Revelation Jewish New Testament, JNT, CJNT, David H. Stern

chapter 4
1. After these things, I looked; and there before me was a door standing open in heaven; and the voice like a trumpet which I had heard speaking with me before said, “Come up here, and I will show you what must happen after these things.”
Futurists who are also Dispensationalists find in this verse an indication of the Church's Pre-Tribulation Rapture (on the terminology and theological background of this note see 1:1N, 1 Th 4:l5b-17N). Clearly at this point Yochanan's visions shift from earth to heaven (there are many shifts in the book of Revelation; see R. H. Charles's commentary, Volume 1, p. 109), but nothing is said about removing believers. The Pre-Tribulationists' interpretation requires three assumptions:
(1) The sequence of Yochanan's visions corresponds to the sequence of events in future history.
(2) The Messianic Community (the Church, the Body of the Messiah) does not appear at all in Chapters 4-18.
(3) Those believers who come to faith during the Tribulation are not part of the Messianic Community.

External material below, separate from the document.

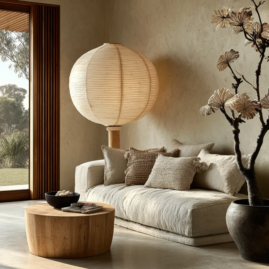 Japandi Living Room Oasis: Embrace Natural Textures & Calm

Against these assumptions it may be argued:
(1) The text gives no reason to suppose that the sequence of Yochanan's visions is the same as the order in which the events depicted occur: therefore one should not assume it. On the contrary, 12:1—5&N provides a counterexample. Moreover, if, as may be the case, a given event is depicted by more than one vision, then a direct chronological correspondence is also impossible logically.

(2) It is not true that the Messianic Community is absent from Chapters 4-18. It is true that the Greek word "ekklesia" (usually translated "Church" and in the Jewish New Testament translated "Messianic Community"; see Mt 16:18N) does not appear after 3:22 until 22:16. But from this fact one might also infer that the Church does not take part in the marriage supper of the Lamb (19:7-9) or in the Millennium and Last Judgment (Chapter 20).

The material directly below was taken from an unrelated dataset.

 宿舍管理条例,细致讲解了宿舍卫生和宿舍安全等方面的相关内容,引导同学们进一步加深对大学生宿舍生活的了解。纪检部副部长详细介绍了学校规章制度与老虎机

Believers are clearly present throughout the visions of Chapters 6-18 — see 6:9 (the martyred souls under the altar), 7:1-8, 14:1-5 (the 144,000 from the tribes of Israel), 7:9-10, 13-14 (the huge crowd from all nations dressed in white robes), 11:13 (those who give glory to the God of Israel after the two witnesses are resurrected), 12:17 (the rest of the woman's children, who obey God's commands and bear witness to Yeshua). 13:8-10 (those whose names are written in the Book of Life), 14:12-13 (God's people, who observe his commands and exercise Yeshua's faithfulness), 15:2-3 (those defeating the beast, who sing the song of Moses and the song of the Lamb), 18:4 (God's people called to come out of Babylon).

In most cases these believers are on earth, not in heaven. The descriptions applied to them in these verses are exactly those appropriate to members of the Messianic Community. However, the next assumption excludes them from being members of the Messianic Community; therefore assumption (3) must be addressed.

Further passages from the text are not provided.